Essayes Written in French
Essayes Written in French
Essayes Written in French

“THE UNFOLDING OF A MIND OF GENIUS IN DIALOGUE WITH ITSELF”: RARE 1613 SECOND EDITION IN ENGLISH OF MONTAIGNE’S ESSAYES

MONTAIGNE. Essayes Written In French… Done Into English, according to the last French edition, by John Florio. London: Melch, Bradwood for Edward Blount and William Barret, 1613. Folio (8 by 11-1/2 inches), contemporary full brown calf rebacked and recornered, gilt ornamental lozenges, raised bands, red morocco spine label. $16,000.

Second edition in English of Montaigne’s seminal masterpiece, with the important Elizabethan translation of John Florio used by Shakespeare as a source for The Tempest (circa 1611), a work profoundly influenced by Lucretius, who is quoted almost a hundred times in the work, a splendid folio volume in contemporary calf boards.

"Montaigne startles the common reader at each fresh encounter, if only because he is unlike any preconception we bring to him… His scope and capaciousness sometimes approach Shakespearean dimensions… Montaigne's [is]… the first personality ever put forward by a writer as the matter of his work.
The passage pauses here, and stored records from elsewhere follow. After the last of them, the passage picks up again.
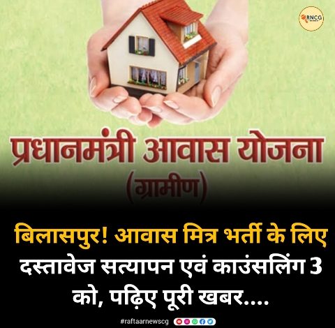 बिलासपुर! आवास मित्र भर्ती के लिए दस्तावेज सत्यापन एवं काउंसलिंग 3 को, पढ़िए पूरी खबर….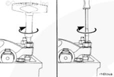 準(zhǔn)備調(diào)整氣門時(shí),氣缸上的調(diào)節(jié)螺釘必須幾乎一樣高(進(jìn)氣螺釘可以高于排氣螺釘兩個(gè)螺紋)。對(duì)于還未做好調(diào)整準(zhǔn)備的第二個(gè)氣缸,其排氣門的調(diào)節(jié)螺釘高于進(jìn)氣螺釘 5 個(gè)螺紋。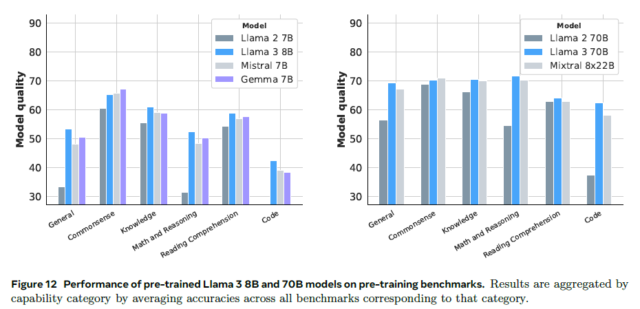 - 데이터: 이전 버전의 Llama (Touvron et al., 2023a,b)와 비교하여, 우리는 사전 훈련 및 사후 훈련에 사용하는 데이터의 양과 질을 개선했습니다. 이러한 개선에는 사전 훈련 데이터에 대한 더 신중한 전처리 및 큐레이션 파이프라인 개발과 사후 훈련 데이터에 대한 더 엄격한 품질 보증 및 필터링 접근법 개발이 포함됩니다. 우리는 Llama 3를 약 15조 개의 다중 언어 토큰 코퍼스를 사용하여 사전 훈련했으며, 이는 Llama 2의 1.8조 토큰과 비교됩니다.
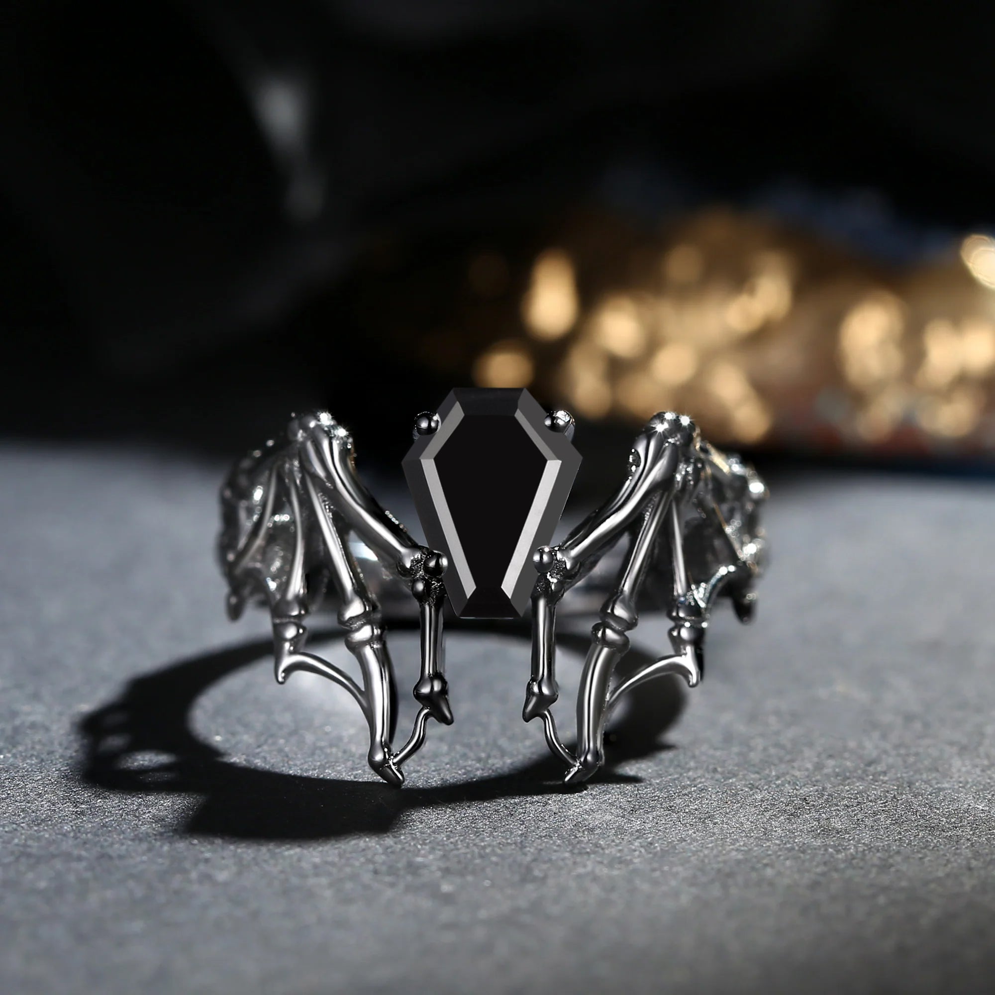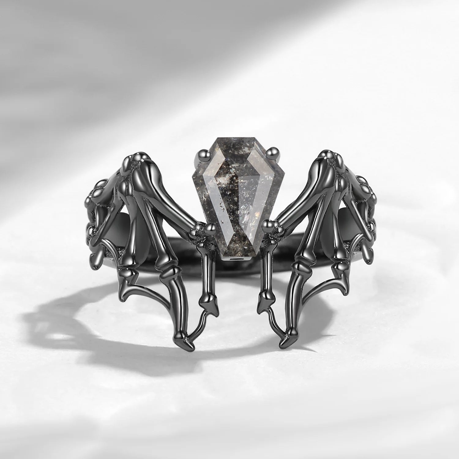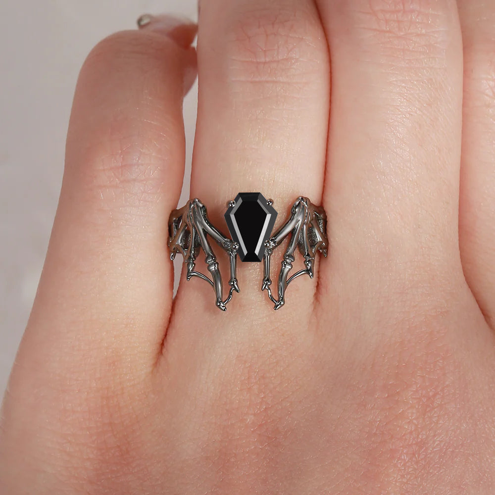 Garnet Coffin Cut Vintage Inspired Black Gold Engagement Ring - Bat Ring

Walt Whitman and Norman Mailer are indirect descendants of Montaigne, even as Emerson and Nietzsche are his direct progeny… He represents—not everyman… but very nearly every man who has the desire, ability, and opportunity to think and to read" (Bloom, Western Canon, 147-151). "Montaigne devised the essay form in which to express his personal convictions and private meditations, a form in which he can hardly be said to have been anticipated… He finds a place in the present canon, however, chiefly for his consummate representation of the enlightened skepticism of the 16th century, to which Bacon, Descartes and Newton were to provide the answers in the next" (PMM 95). Here is "the unfolding of a mind of genius in dialogue with itself and with the world" (Hollier, 250). "It is generally accepted that Shakespeare used Florio's translation when writing the passage on the natural commonwealth in his Tempest" (Pforzheimer 378).
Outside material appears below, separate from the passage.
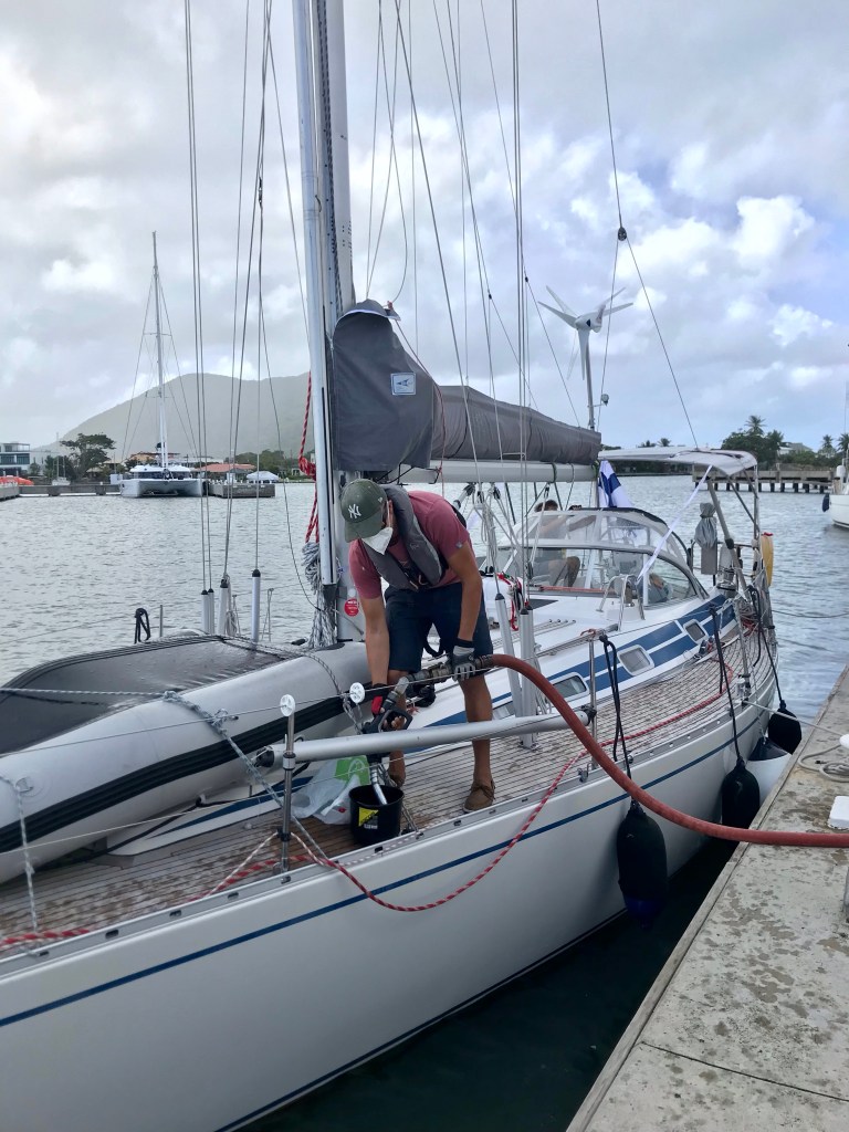 Tiistaina ulkoistimme veneen ulkopuolen kuurauksen paikalliselle pariskunnalle, jonka olimme maanantaina nähneet kuuraavan toisella puolellamme olevaa puolalaista venettä. Mies oli kuvitellun stereotyyppinen paikallinen mies rastoissa, jamaika-shortseissa ja hän lauleskeli kuuratessaan täydellä teholla Bob Marleytä. Hän kertoi, että heidän kotinsa oli tuhoutunut edellisessä hurrikaanissa ja he yrittävät kerätä rahaa uuden talon hankintaan. He kuurasivat kaikki metalliosat, jotka olivat suolaisen merimatkan aikana keränneet melkoisesti ruostetta, ja pesivät kannen. Jälki oli erinomaista. Me kävelimme sillä välin Rodney Bayhin kauppaan ja kävimme KFC:llä syömässä kanaa. Sää St Lucilla on helteinen. Lämmintä on päivisin noin 30 astetta, joskin jatkuva tuuli viilentää mukavasti. Sadekuuroja tulee joinakin päivinä aika tiheään ja ne alkavat ja loppuvat äkisti. Yöllä lämpötila laskee 20 korville. Vesi on 25–26 asteista. Satama-allas on tosin sen verran likainen, että uimaan veneen perästä ei tee mieli.

The influence on Montaigne of the Roman poet and philosopher is particularly strong and obvious. The Essays contain almost 100 direct quotations from Lucretius' Epicurian masterpiece De rerum natura; in the Essay "On Books," Montaigne lists Lucretius with Virgil, Horace and Catullus as the top poets. As the critic Stephen Greenblatt has commented, "beyond any particular passage, there is a profound affinity between Lucretius and Montaigne. Montaigne shared Lucretius' contempt for a morality enforced by nightmares of the afterlife; he clung to the importance of his own senses and the evidence of the material world; he intensely disliked ascetic self-punishment and violence against the flesh; he treasured inward freedom and contentment. In grappling with the fear of death, in particular, he was influenced by Lucretian materialism. He once saw a man die, he recalled, who complained bitterly in his last moments that destiny was preventing him from finishing the book he was writing. The absurdity of the regret, in Montaigne's view, is best conveyed by lines from Lucretius: 'But this they fail to add: that after you expire / Not one of all these things will fill you with desire.' As for himself, Montaigne wrote, 'I want death to find me planting my cabbages, but careless of death, and still more of my unfinished garden'" (Stephen Greenblatt, "The Answer Man," in The New Yorker, August 8, 2011). Initially published in French in 1580, Montaigne's Essayes were first published in English in 1603, with this translation. Frontispiece portrait of Florio by William Hole bound between Contents and first text leaf; containing general title page, separate title pages for the second and third books. With rear blank leaf, elaborate ornamental woodcut-engraved initials, headpieces throughout. Occasional mispagination as issued without loss of text. STC 18042. Lowndes, 1588. ESTC S111840. See Langland to Wither 102. Title page with contemporary owner signature dated 1614.

Interior quite fresh with only minor expert archival repair to edges of title page and and a few leaves not affecting text, lightest scattered foxing, faint rubbing to boards. A very handsome near-fine copy.